One emerging idea to help keep this under-employed region in the game is commercial forestry—restoring the land not as pasture or golf course or school but as a reincarnation of what used to be here in the rich diversity of the Appalachian forest. Arch Coal, with test plantings already established east of Whitesville, reports it's eager to pursue this option. "Our intent," says Arch's Larry Emerson, "is not just to approximate what was there before mining but, for the long range, establish a commercial forest."

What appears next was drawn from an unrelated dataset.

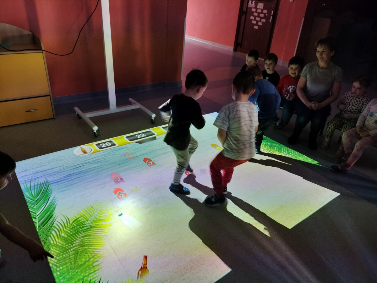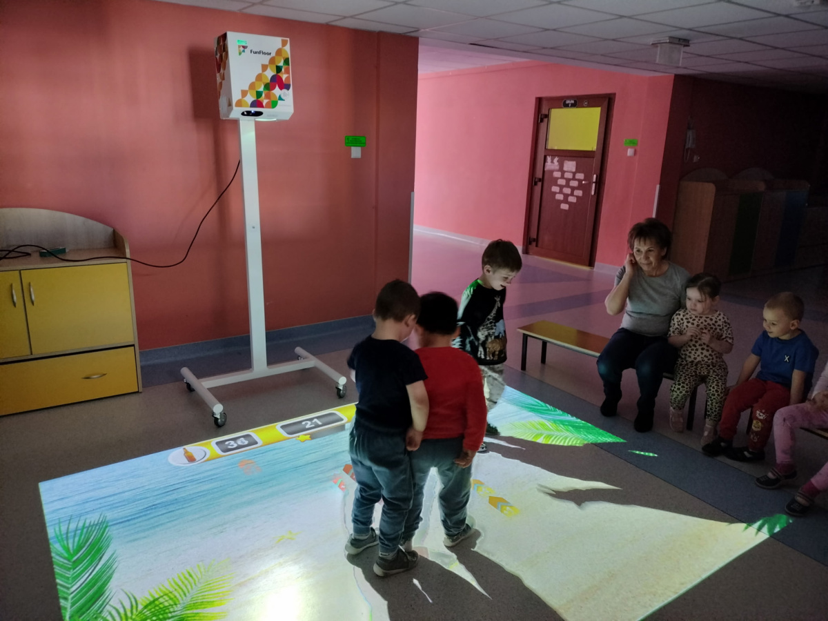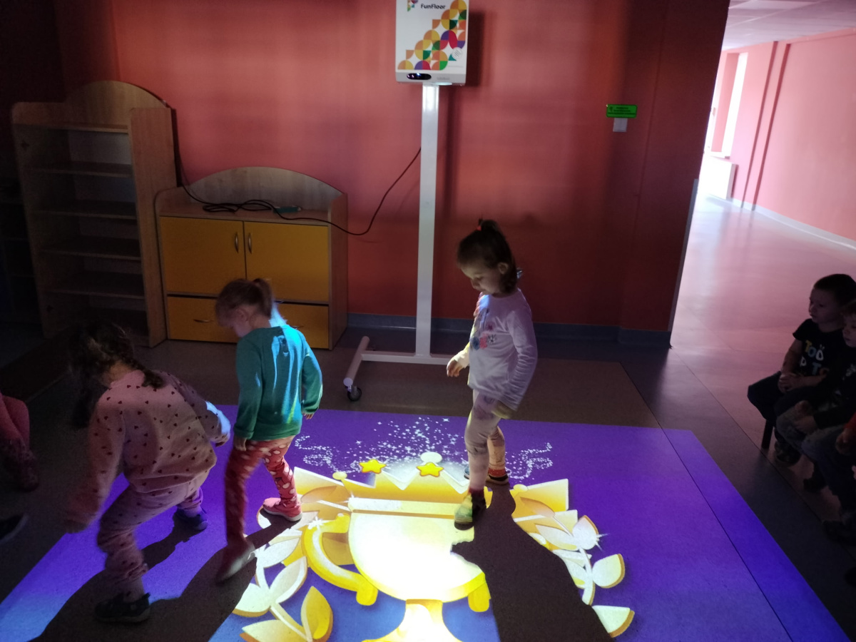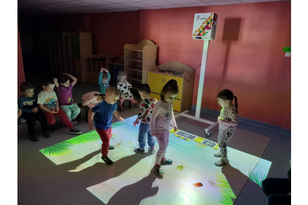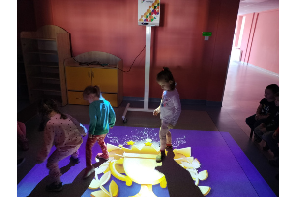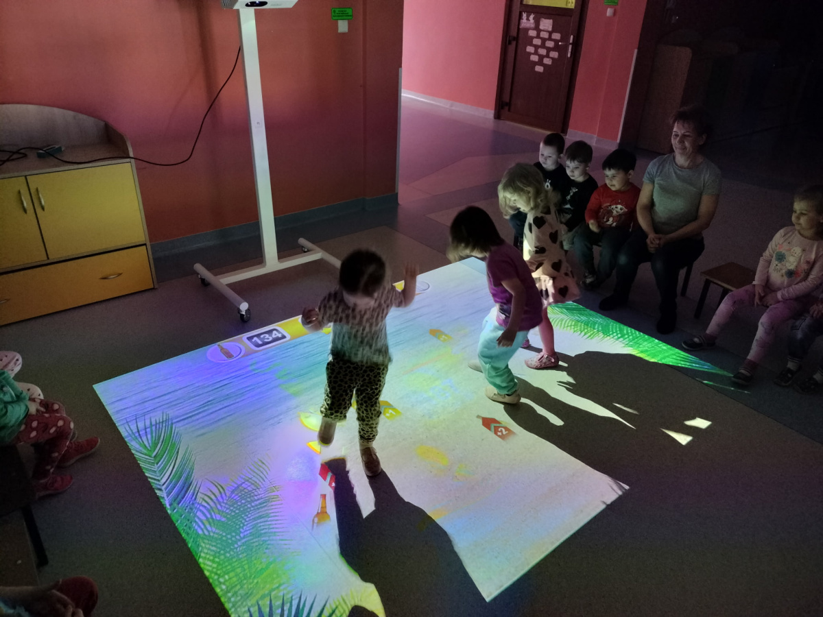 06 marca Misie udały się na zajęcia z wykorzystaniem podłogi interaktywnej FunFloor. Dzieci miały możliwość obserwować różnorodne obrazy multimedialne do wykonania za pomocą interaktywnego dywanu wyświetlanego na podłodze. Misie z radością wykonywały zadania wykorzystując ruch swojego ciała w pokonywaniu kolejnych etapów.

Some foresters are not convinced that Arch is willing to go far enough in its romance with reforestation. James Burger, a professor of forestry at Virginia Tech University and a zealous proponent of turning topless mountains into productive forests, has found in his studies that weathered brown sandstone soils—making up a mountaintop's uppermost layer and therefore the first to be dumped and lost in a valley fill—would be better set aside and used, without compaction, as top dressing for any reforestation. But Arch's forestry consultant argues this would raise substantially the per-acre cost of reclamation.

A few environmentalists, such as Joe Lovett of the Appalachian Center, hail Burger's crusade for reforestation as the next best thing to stopping mountaintop mining altogether. Others view it as a cop-out exercise in wishful thinking. "I understand what makes up that forest, and it's not just trees," says Judy Bonds of Coal River Mountain Watch. "I'm talking about the herbs and the plants that evolved here in this forest over thousands of years. Re-create that forest? You couldn't do it in 1,500 years."

Standing in the doorway of the Mountain Watch office on the main street of Whitesville, I listened to Judy Bonds reminisce about the way it was 50 years ago when she was a child. "I used to swim in the Coal River then," she said, "but now it's so full of silt that the water barely comes up to your knees. It breaks my heart. I look at my grandson, and I see that he's the last generation that will hunt and fish in these mountains and dig for ginseng, and actually know mayapple when he sees it. These mountains are in our soul. And you know what? That's what they're stealing from us. They're stealing our soul."